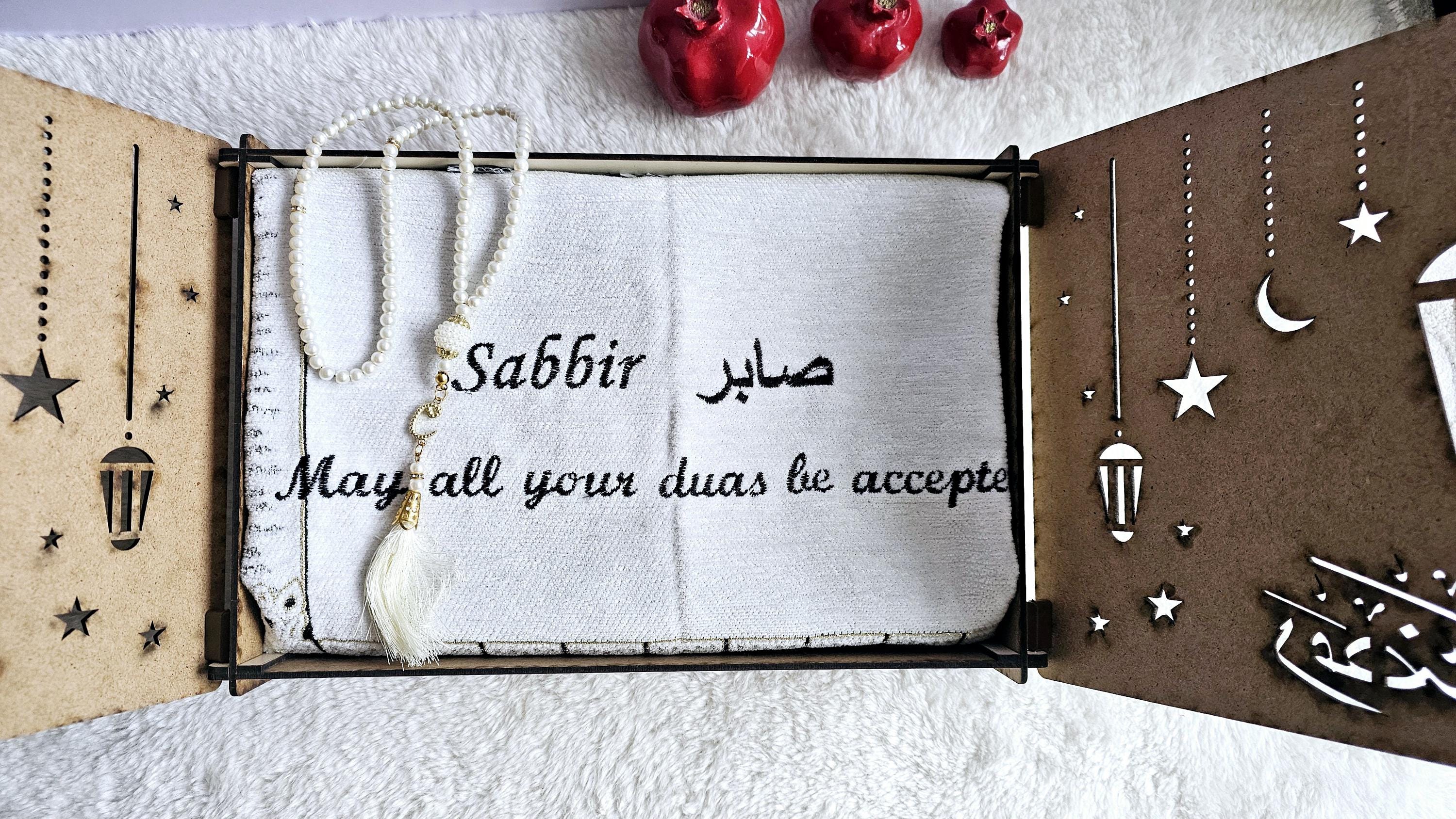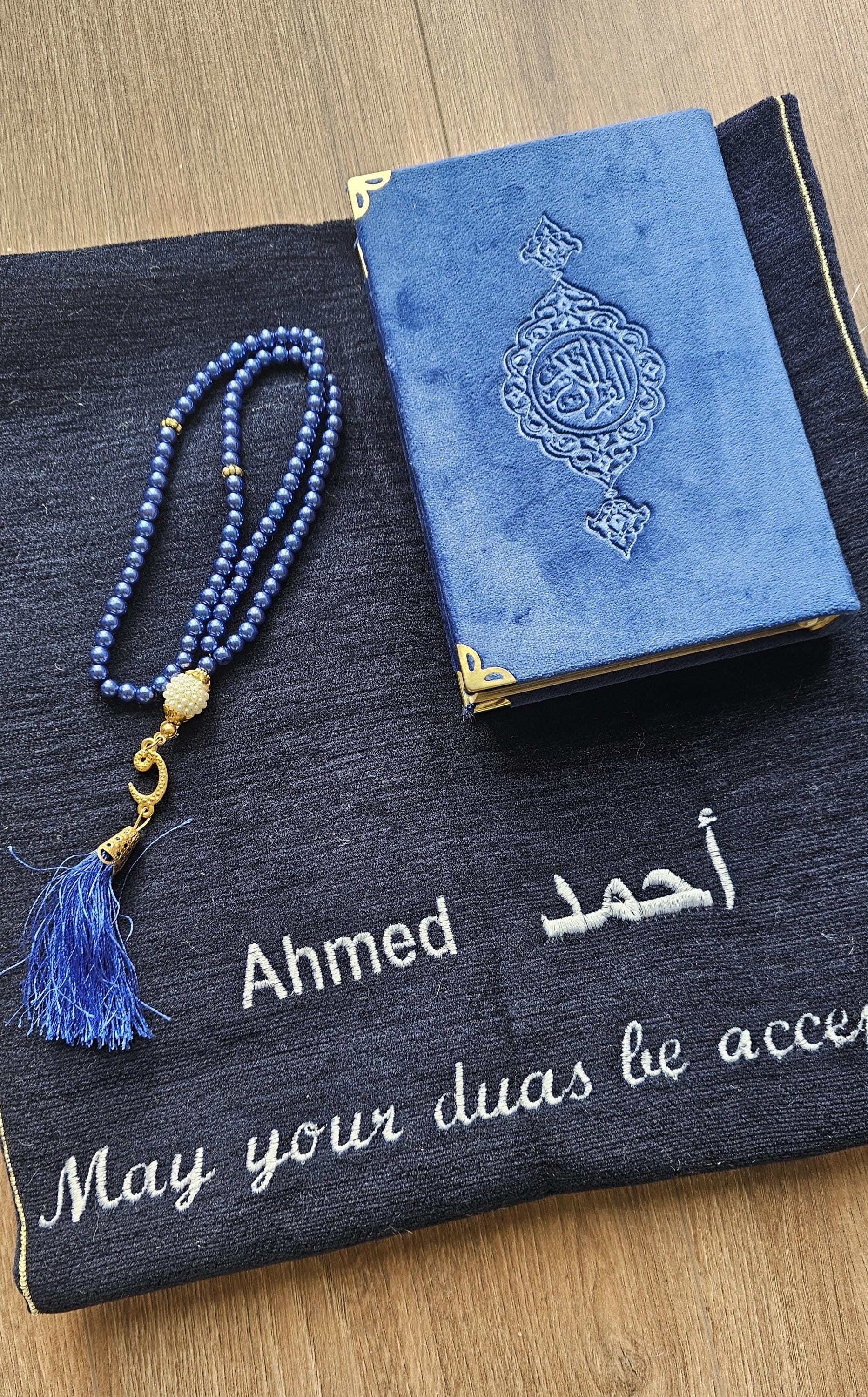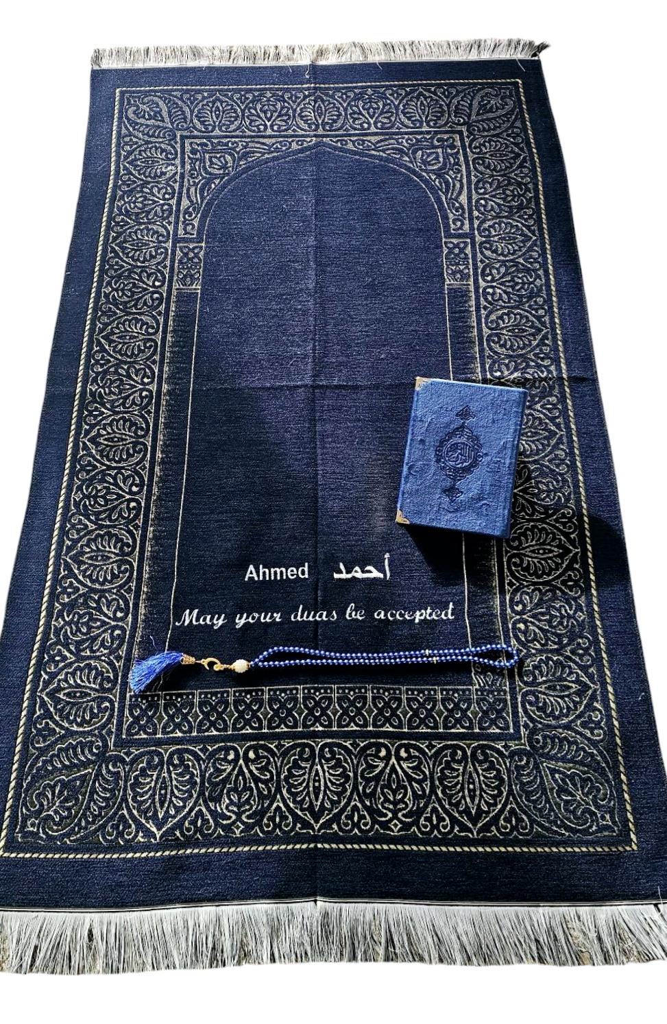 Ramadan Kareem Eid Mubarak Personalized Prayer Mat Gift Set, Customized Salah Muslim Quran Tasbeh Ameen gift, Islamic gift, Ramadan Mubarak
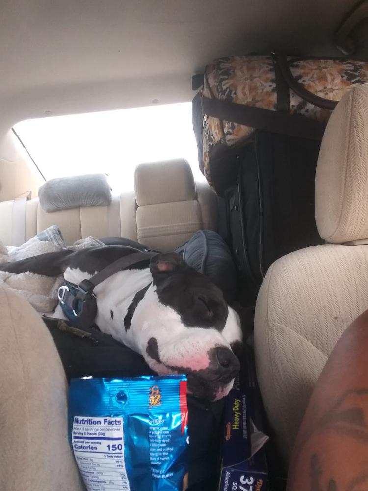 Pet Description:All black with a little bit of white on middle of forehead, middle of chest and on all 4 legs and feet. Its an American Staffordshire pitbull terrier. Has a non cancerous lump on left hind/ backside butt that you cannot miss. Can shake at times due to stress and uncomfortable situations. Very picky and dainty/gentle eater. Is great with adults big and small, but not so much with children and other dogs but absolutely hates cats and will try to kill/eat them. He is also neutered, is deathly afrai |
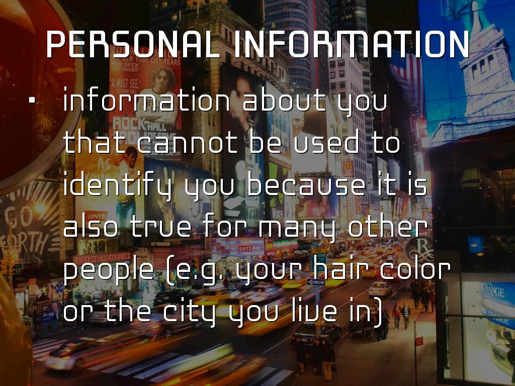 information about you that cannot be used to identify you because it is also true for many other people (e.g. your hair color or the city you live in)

+-------+

What the task requires:
No pictures, please. Output the listing above exactly as it stands.

Response below:
 Ramadan Kareem Eid Mubarak Personalized Prayer Mat Gift Set, Customized Salah Muslim Quran Tasbeh Ameen gift, Islamic gift, Ramadan Mubarak
 Pet Description:All black with a little bit of white on middle of forehead, middle of chest and on all 4 legs and feet. Its an American Staffordshire pitbull terrier. Has a non cancerous lump on left hind/ backside butt that you cannot miss. Can shake at times due to stress and uncomfortable situations. Very picky and dainty/gentle eater. Is great with adults big and small, but not so much with children and other dogs but absolutely hates cats and will try to kill/eat them. He is also neutered, is deathly afrai |
 information about you that cannot be used to identify you because it is also true for many other people (e.g. your hair color or the city you live in)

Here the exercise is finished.